> WORK TASK
Only the lines from the one containing "Tento krásný kostým" to the end of the material are to be copied, exactly and in full; images stay out.

> THE DATA
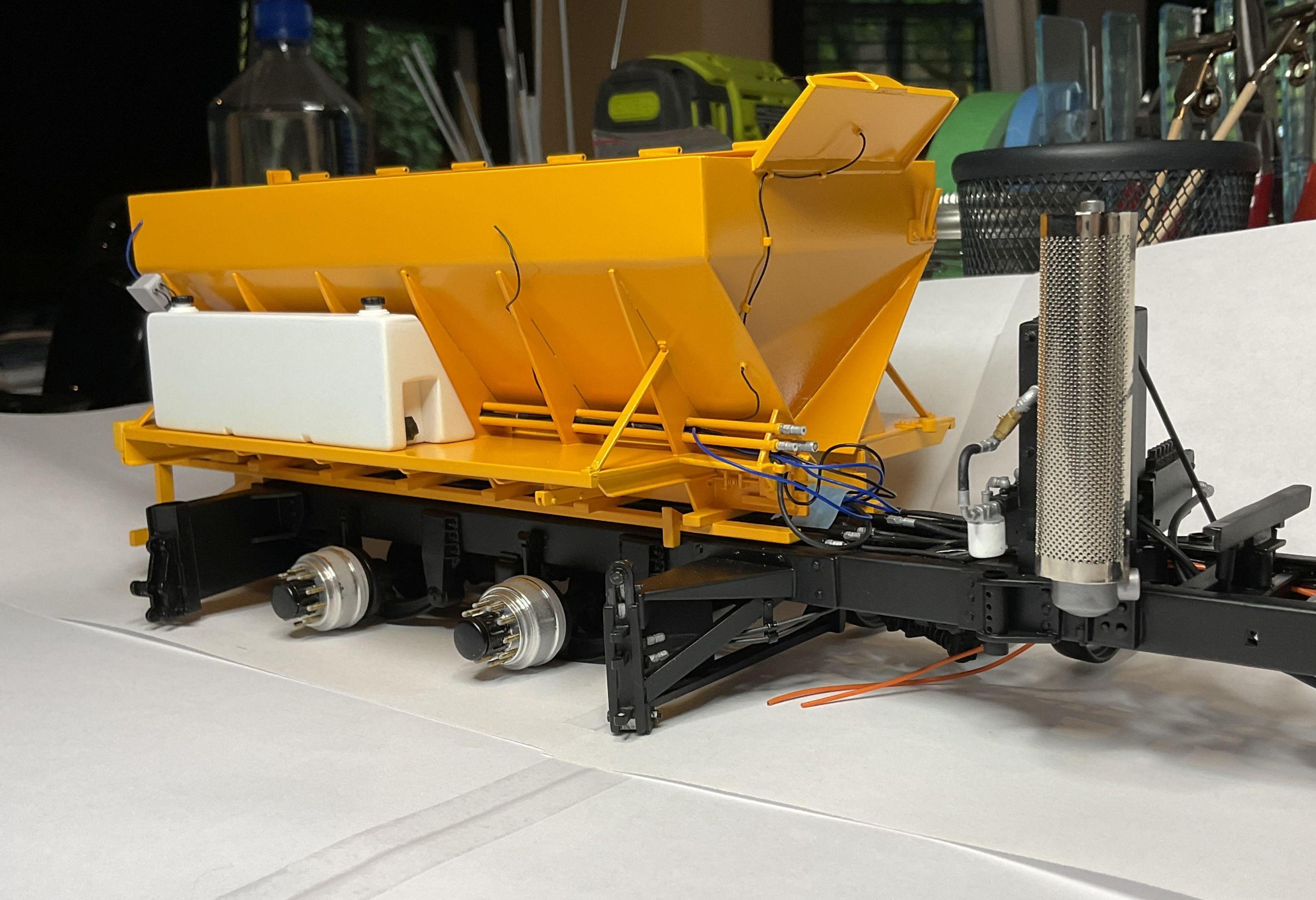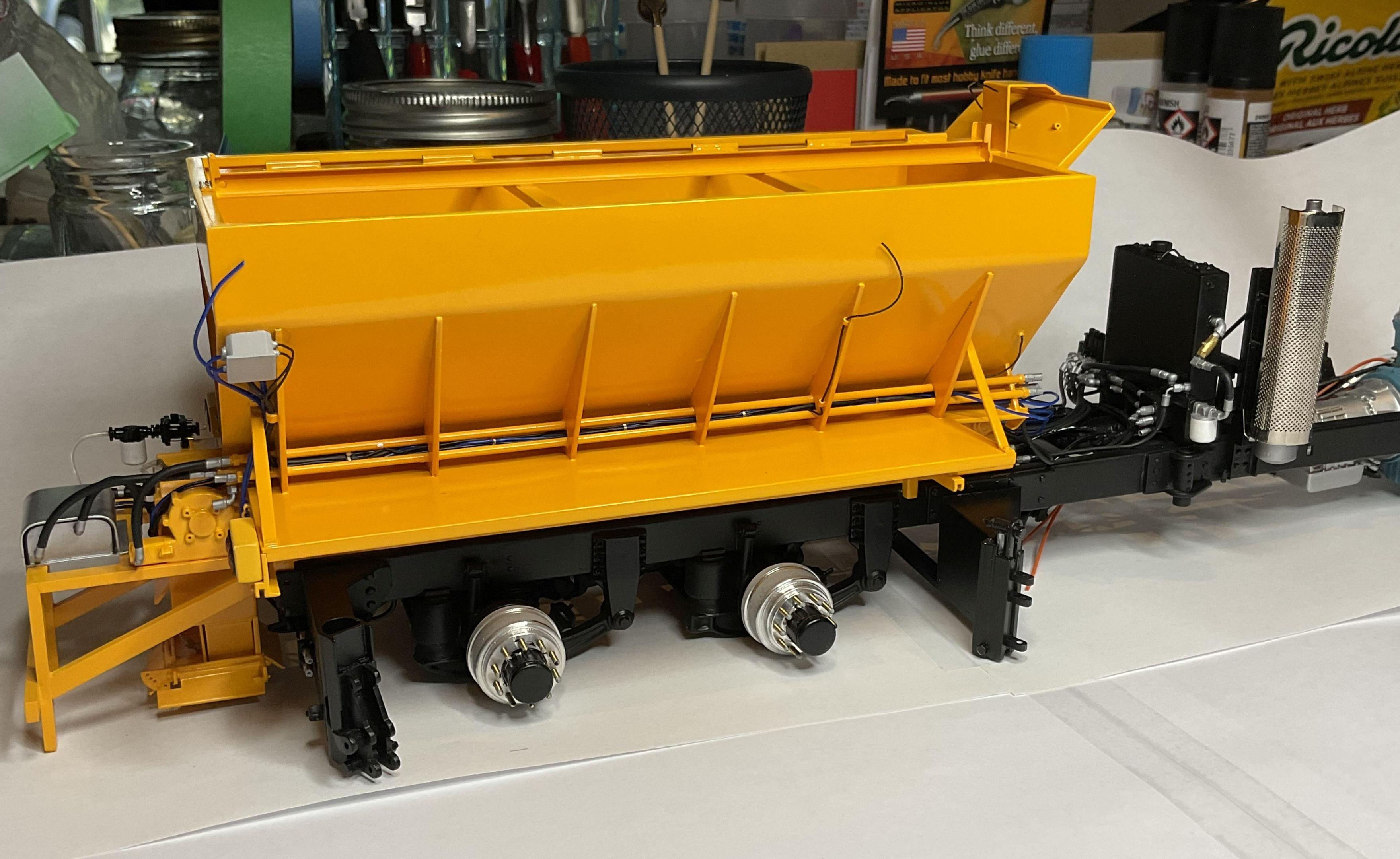 The two remaining hoses at the rear of the sander have been installed (pressure and return line for chute spinner). I didn't have good luck with the CTM photo etch zip ties while doing the previous wiring (just managed to chip paint in a couple places!), so I ran the two hoses for the spinner through two, very thin slices of a bigger rubber hose. If you don't get right up close, the hoses look like they have been wrapped in those two spots. It is a cleaner look to my eye. And, as Jeff reminded me the other day, there are some connectors on the rear drop cross member. I had some CTM couplings and sockets that I had been debating whether or not to install, because they are a bit bigger in scale than on the real truck. I did install them and despite being a bit big, they look good (no rags stuffed in the sockets yet, Jeff!) Two hoses to/from sand spinner are installed Better view of hoses attached to spinner hydraulic motor Drop crossmember sockets and couplers installed - openings in the sockets need to be 'filled' for winter operation! The hydraulic line opening at the top of the cross member will be capped as well, once I am done with needing the frame to be on the rotisserie. Still waiting for some decals to finish lighting and wiring on back panel of sander (need to get that new rotisserie built as well). Thanks for stopping in to have a look! -
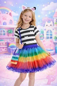 Tento krásný kostým Gábi je ideální na karneval, narozeninovou oslavu, focení i domácí hraní. Kombinuje pohodlné pruhované tričko s bohatou duhovou tylovou sukní, která krásně drží tvar a působí opravdu pohádkově.
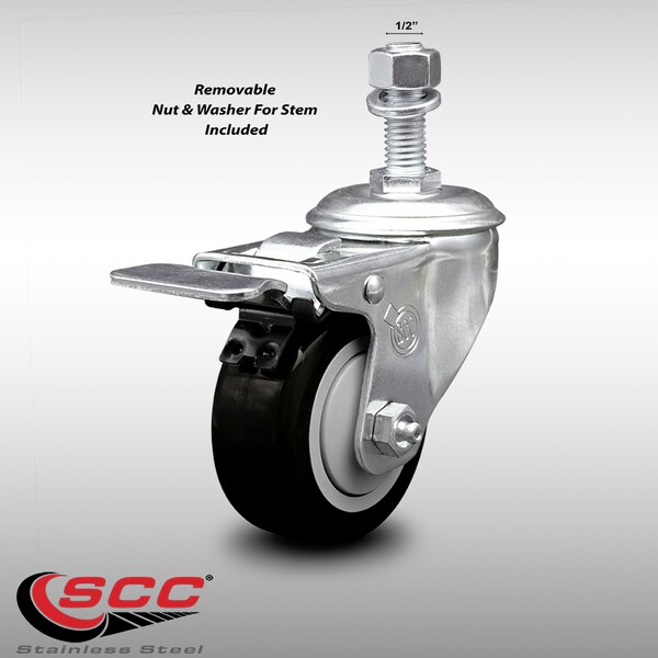 3 Inch SS Black Polyurethane 1/2 Inch Threaded Stem Caster with Total Lock Brake

> ANSWER BOX
 Tento krásný kostým Gábi je ideální na karneval, narozeninovou oslavu, focení i domácí hraní. Kombinuje pohodlné pruhované tričko s bohatou duhovou tylovou sukní, která krásně drží tvar a působí opravdu pohádkově.
 3 Inch SS Black Polyurethane 1/2 Inch Threaded Stem Caster with Total Lock Brake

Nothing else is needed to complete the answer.